7.) Also a good costume: Deadpool. This is because no matter how terrible your Deadpool costume is, people love Deadpool and will say “hey! Deadpool!” at you. If you are very fat and dress up as Deadpool, people might even not call you “Fatpool.”
8.) But I digress back to my original point. Of course, there were the usual band of “my question is HOW DARE YOU SIR” types, but Didio shut them down quite excellently by being both respectful and saying over and over again that their issues weren’t the point of the seminar. The point of the seminar was how to get work for DC in any of the major disciplines. He stressed the often low-paying nature of the gig frequently because he wanted to be honest; he explained to people, patiently, what editors looked for in art submissions multiple times. He said, straight-up, that writers looking to get work at the big two have to basically steal somebody else’s job, which means the bar is higher. Much higher. And of course people got offended by this, because people are stupid.

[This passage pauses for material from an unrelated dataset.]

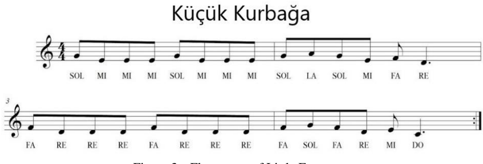
Figure 3.a Flute notes of Little Frog song

The second song are the "Little Frog " song , which the children will enjoy while playing and are familiar with the melody of their ears (Figure 3 a ) . Its tempo is at normal tempo compared to the first song . The marker used to play the Little Frog song is shown in Figure 3.b.

9.) Writing isn’t a zero-sum game, of course. But publishing, to an extent, is. That’s how things go: there isn’t enough paying work for everybody who wants to get paid to get paid, and if you don’t know that, grow up. Didio was patient with the people who didn’t understand that, as he was patient with the dreamers who want to change the business or grow the field. Dreams like that are great, but they don’t get you hired.
10.) And he was patient with the people who obviously didn’t understand the point of a pitch. Multiple people tried to debate Didio when he brought up “the gun pitch.” I’d heard about the gun pitch before (from Paul Levitz, actually, years ago). The gun pitch is “I want to tell the story of the gun that killed Batman’s parents.” And Didio explained that the problem with the pitch is that it’s not a Batman story, which is of course obviously true: if you’re telling the story of the gun that killed Batman’s parents, it ends when the Waynes get shot, which means it could be a story about any old gun.
11.) The debaters didn’t get it, of course. “Well, I’d like to read a story about the gun that killed Batman’s parents.” But the point of getting hired in any freelance industry is not “I can do this well,” because lots of people can do that. It’s “I can make your life easier if you give me work.” Pitching the gun story doesn’t make anybody’s life easier, because you’re not gonna give that story to somebody you don’t already know and trust.
12.) Another aside: the shopping at this con was miserably bad. When people are essentially paying a premium to get in the door to buy stuff, there should be, and I am just suggesting this, something resembling a sale price. If I can get it significantly cheaper at Amazon, your sale price is probably not very good. This goes for guy selling the Justin Bieber standups too. Especially the guy selling the Justin Bieber standups.
13.) One more thing: if you want to argue with Dan Didio about the gun pitch, it’s really easy. The trick is to make it a Batman story. You can do it in one sentence.
14. “Somebody is killing people with the gun that killed Batman’s parents.” That one’s for free.